Analysis Interface
The main interfacing class that automates and defines the workflow from MVA training, ROOT n-tuples production, GNN inference, sample generation and much more.
The C++ Interface
-
class analysis : public notification, public tools
-
settings_t m_settings
A member struct varible used to control and specify runtime behaviour.
-
void add_samples(std::string path, std::string label)
A function used to specify the directory of the ROOT samples used for the analysis. Accepted syntax for the path parameter is /path/<name>.root or /path/*.root. The label parameter is useful when samples need to separated, but is optional.
-
settings_t m_settings
- class Analysis
- AddSamples(str path, str label)
A function used to assign a sample label (arbitrary name) to a particular dataset.
- AddEvent(EventTemplate ev, str label)
A function used to pass the event implementation to be used for subsequent compilations.
- AddGraph(GraphTemplate ev, str label)
A function used to tell the framework which graph implementation should be used.
- AddSelection(SelectionTemplate selc)
A function which adds any selection templates to the current analysis workflow.
- AddModel(ModelTemplate model, OptimizerConfig op, str run_name)
A function used to add a model to be trained, along with any optimizer hyperparameters that should be applied to the model. The additional run_name variable is used to create folders that contain the training output.
- AddModelInference(ModelTemplate model, str run_name = "run_name")
A function used to add a trained model that should be used for inference studies. The run_name variable is used to generate folder structures for output ROOT files that hold model predictions.
- Start()
- Variables:
BatchSize (int)
FetchMeta (bool)
BuildCache (str)
PreTagEvents (bool)
SaveSelectionToROOT (bool)
GetMetaData (bool) – Attempts to identify any meta-data associated with the input samples and queries PyAMI to match any results.
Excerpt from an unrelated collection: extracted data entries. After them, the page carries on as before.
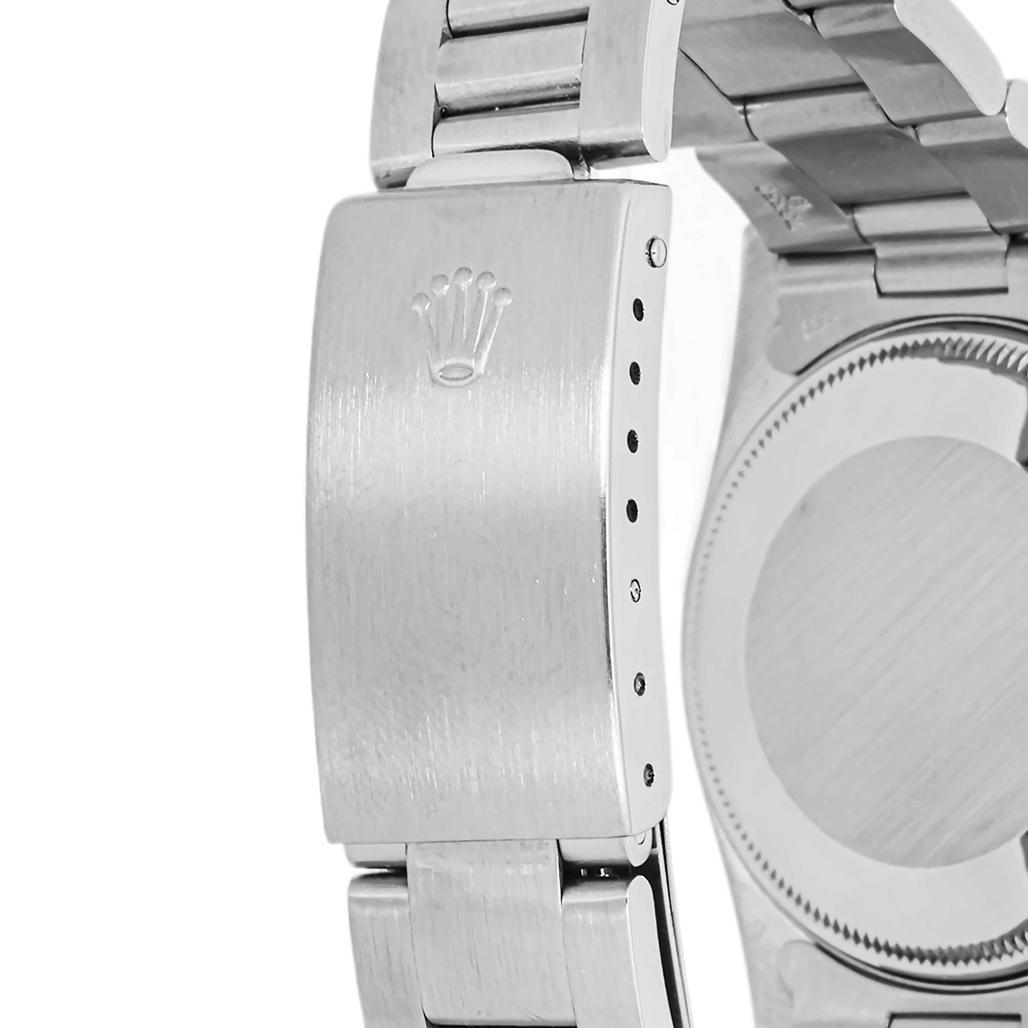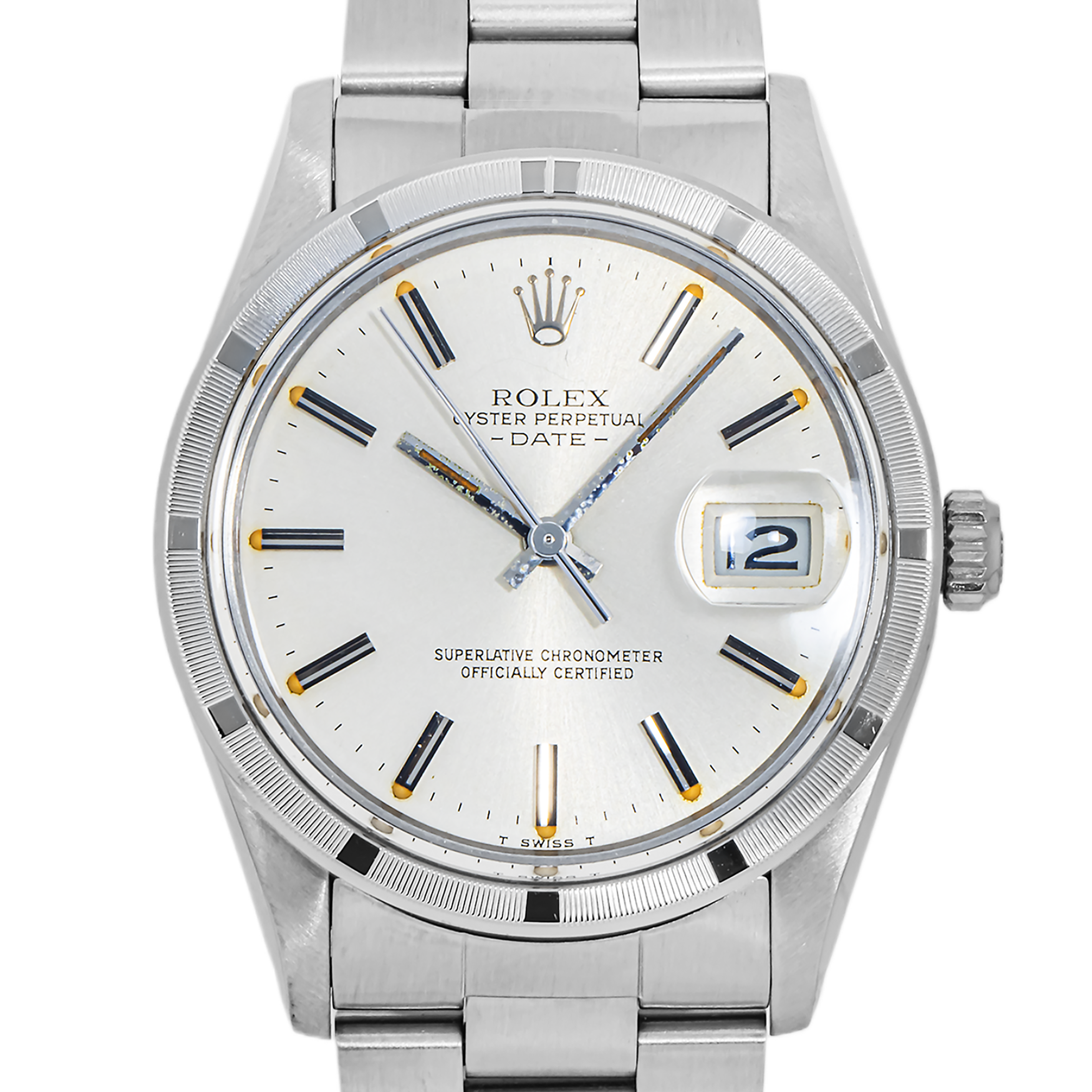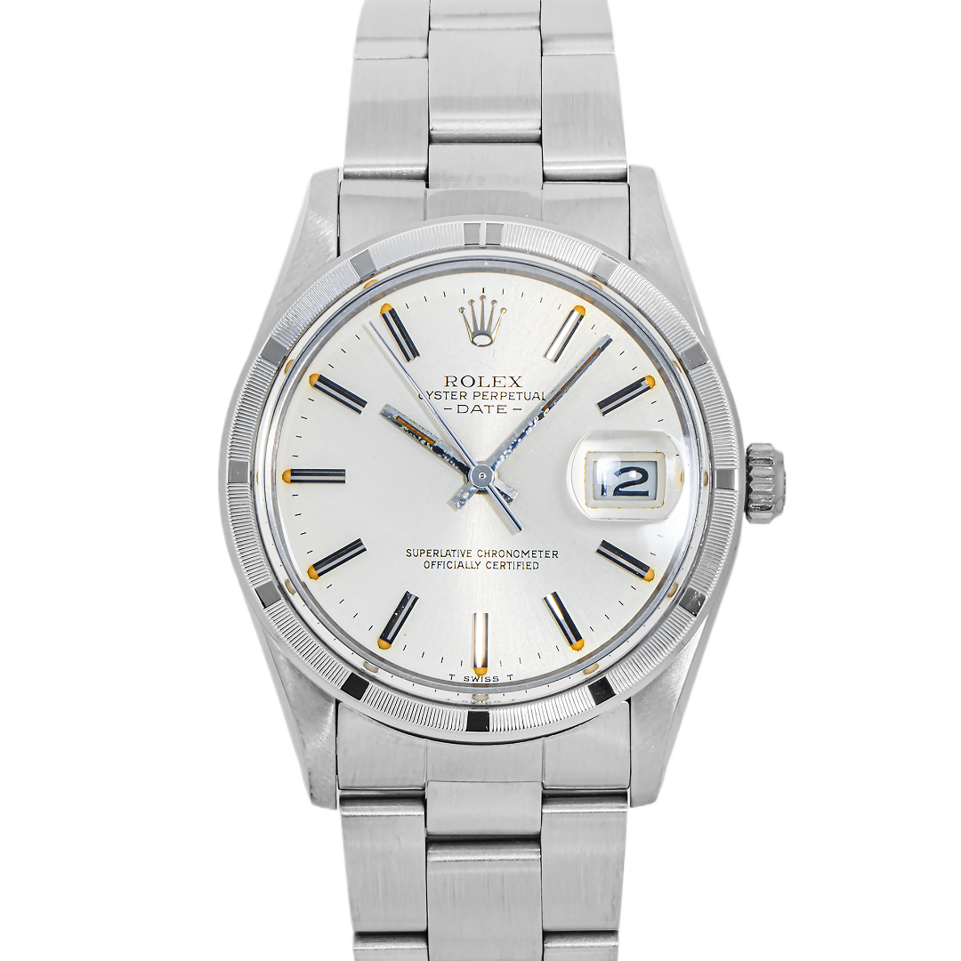 Rolex 15010 Oyster Perpetual Date 34 mm Engine Turned Bezel Silver Index Dial Oyster Bracelet 1982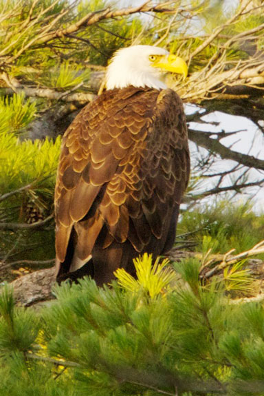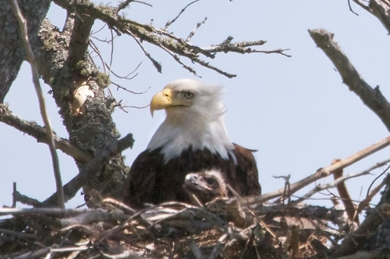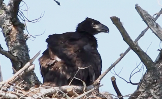 June 5-30: Eagles have returned to the nest which was abandoned after it partially collapsed a few years ago. As you can see in the photo, an inquisitive eaglet inhabits the nest. He/she can easily be heard asking for food several times a day. The eaglet is growing and learning quickly. It was toilet trained weeks ago shortly after it could waddle to the edge of the nest. Although it still is sometimes fed by an adult, it also appears to be learning to feed itself from the fish which are flown in several times a day. The eaglet can frequently be seen stretching its relatively large and quickly developing wings. Although it is not yet ready to venture out of the nest to sit on a branch, it sometimes sits near the edge of the nest looking intently at nearby branches. In the short time we have been observing, it has already gone from being a cute, little, fluffy eaglet to being a much larger, more gangly, and more demanding youngster.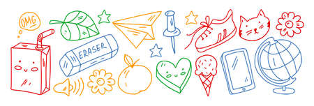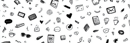 Hand-drawn doodles cover a white background featuring items like cups, pens, hearts, and electronic devices, capturing aspects of daily life and creativity.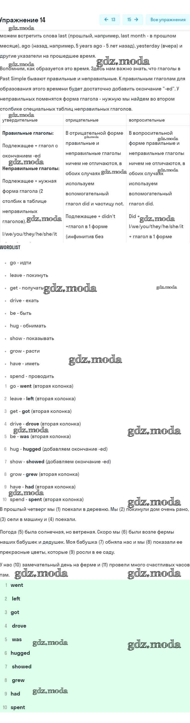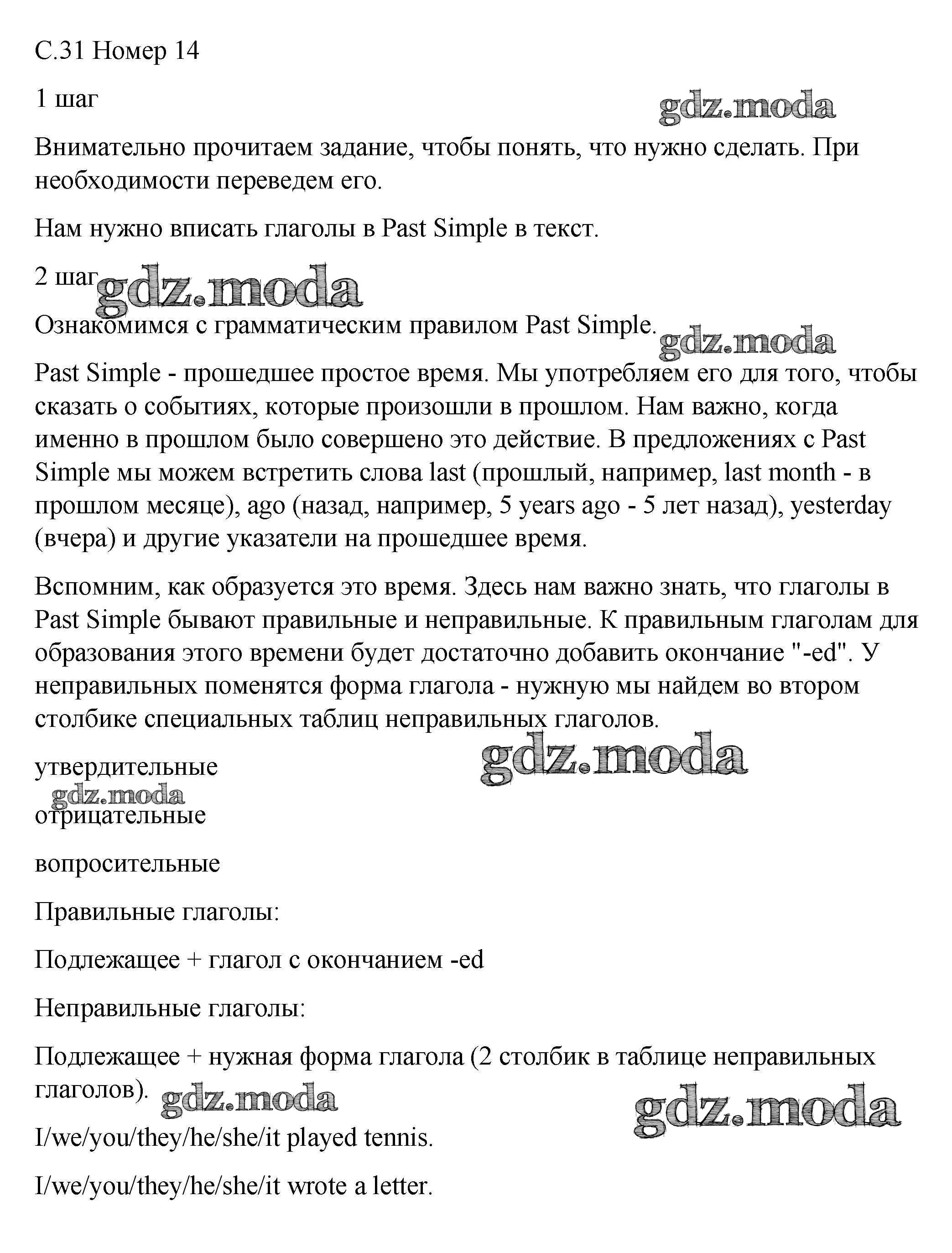 ОТВЕТ на задание № 14 Рабочая тетрадь по Английскому языку 5 класс Афанасьева Rainbow
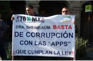 CIUDAD DE MÉXICO, 27FEBRERO2019.- Daniel Medina, representante de los taxistas, ofreció conferencia de prensa a las afueras de las inmediaciones del Antiguo Palacio del Ayuntamiento, para dar detalles sobre las necesidades y exigencias que tienen los concesionarios en el que prevalece quitar las aplicaciones de movilidad que trabajan en irregularidad y sin permisos, las cuales les quitan al menos 40% de ganancia. FOTO: ANDREA MURCIA /CUARTOSCURO.COM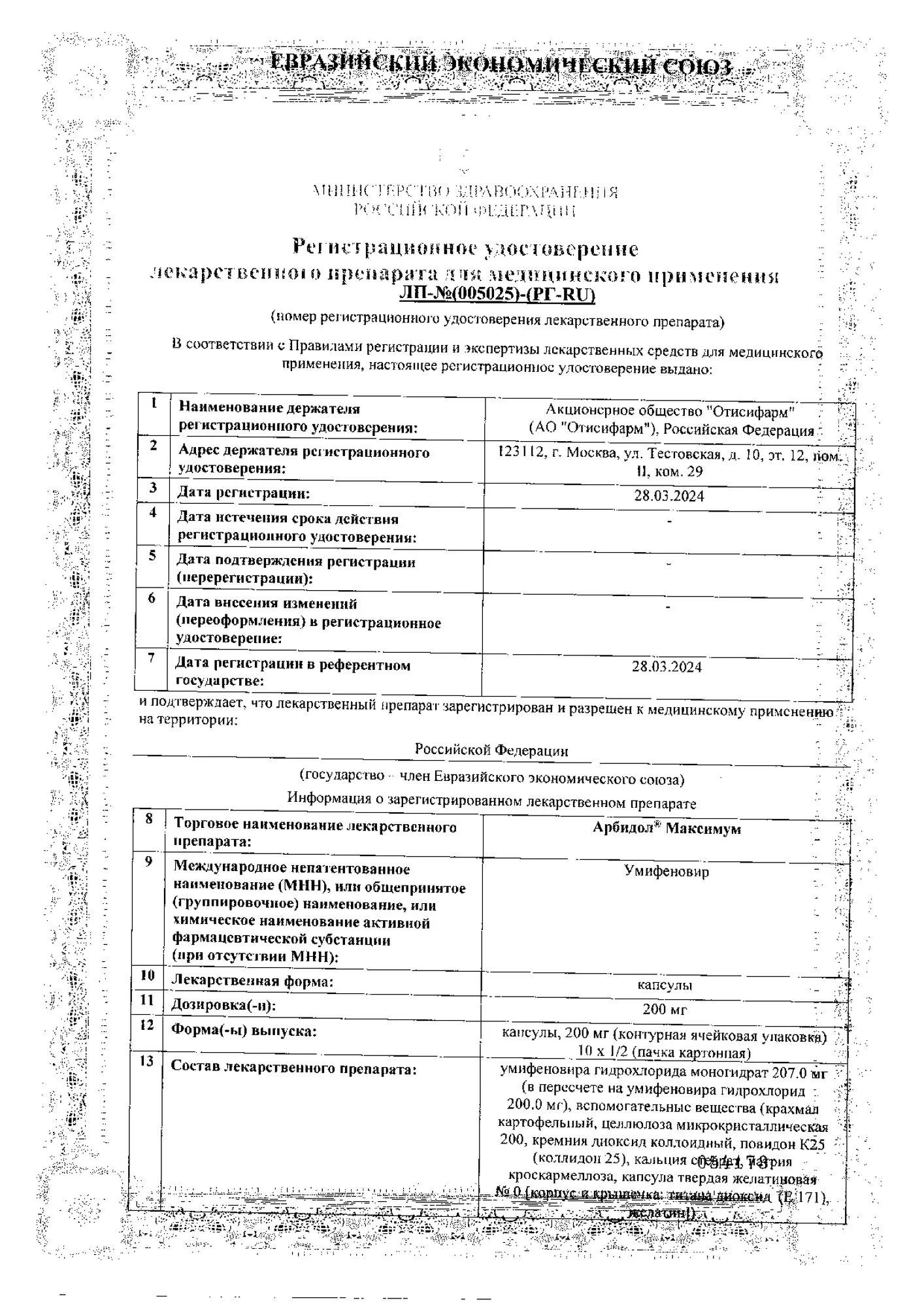 Активное вещество: умифеновира гидрохлорида моногидрат (в пересчете на умифеновира гидрохлорид) – 200 мг.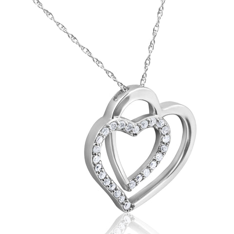 1/4ct Diamond Heart Shape Pendant 10K White Gold 3/4" Tall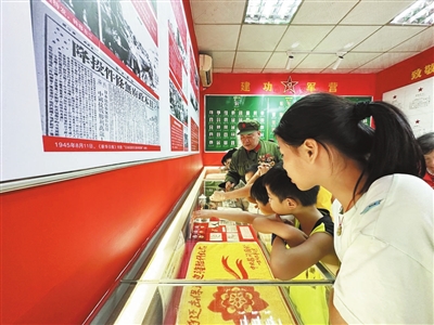 三角鎮(zhèn)老兵翁錦泉在鎮(zhèn)退役軍人服務(wù)中心榮譽室向小朋友介紹軍用物品和紀念章。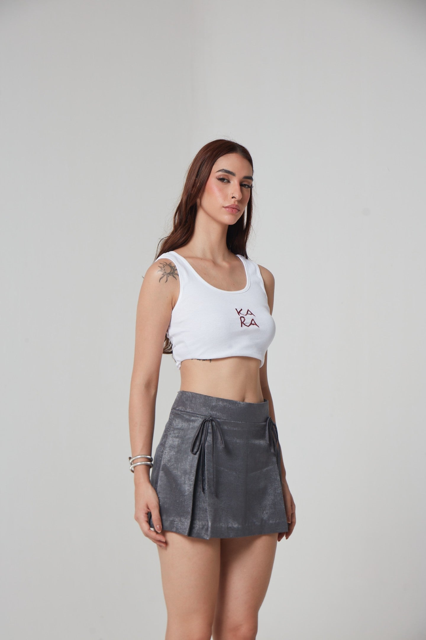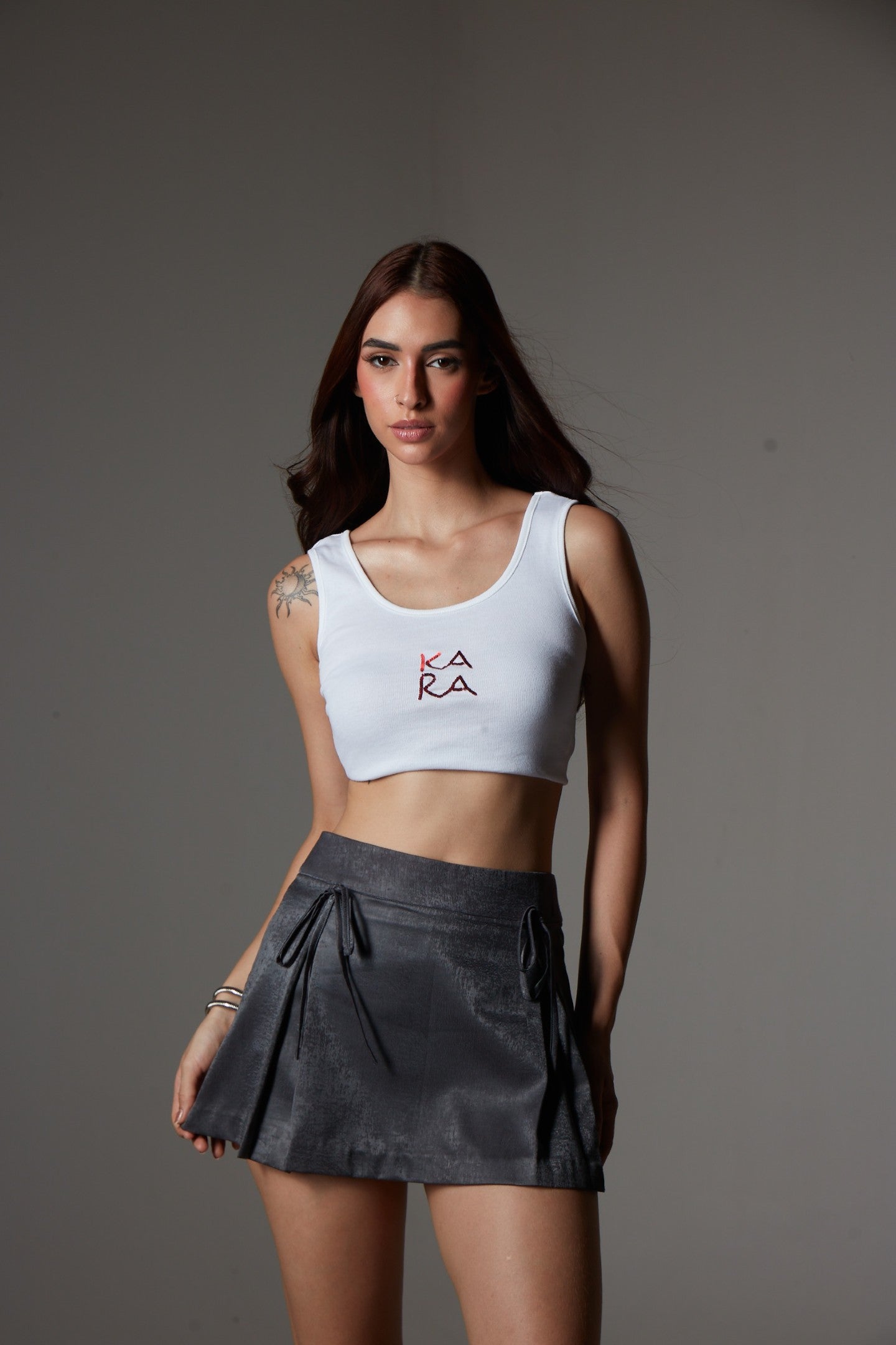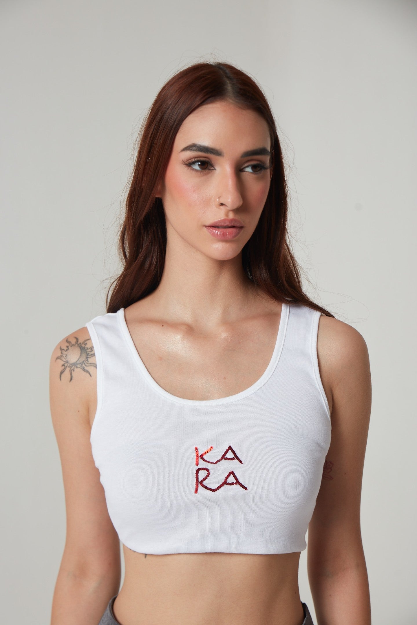 A classic tank designed for effortless off-duty styling, featuring the signature KARA embroidered logo for a minimal yet statement touch. The tank has been folded as a cropped tank for styling purposes.

SumOfWeightsTreeName (list) – Scans the ROOT file for possible sum of weights trees and histograms.
OutputPath (str) – The output path of the results.
kFolds (int) – Number of folds to train the model with.
kFold (list) – A list of kfolds to train the model. Useful if not enough resources are available to do a full k-fold train at once.
Epochs (int) – Number of epochs to train the model.
NumExamples (int) – Number of test example to validate runtime of the model.
TrainingDataset (str) – Path of the training set to use. If a value is given but no training set is available, the framework will dump a .h5 file.
TrainSize (int) – Size of the training set in percentage.
Training (bool) – Run the model over the training set.
Validation (bool) – Run the model over the validation set in a k-fold training session.
Evaluation (bool) – Run the model over the evaluation set.
ContinueTraining (bool) – Continue training the model at the last known checkpoint.
nBins (int) – Number of bins to plot the invariant mass metrics with.
Refresh (int) – Progress bar refresh step.
MaxRange (float) – Maximum range to plot the invariant mass metric plots.
VarPt (str) – The transverse momentum variable string name to use for the invariant mass computation.
VarEta (str) – The rapidity variable string name to use for the invariant mass computation.
VarPhi (str) – The azimuthal angle variable string name to use for the invariant mass computation.
VarEnergy (str) – The energy variable string name to use for the invariant mass computation.
Targets (list) – The targets to plot (the output of the model) e.g. top_edge.
DebugMode (bool) – Disables all threading.
Threads (int) – Number of threads to run the framework over.
GraphCache (str) – Specifies a directory in which graph_template outputs should be cached. This will generate .h5 files that can be reused.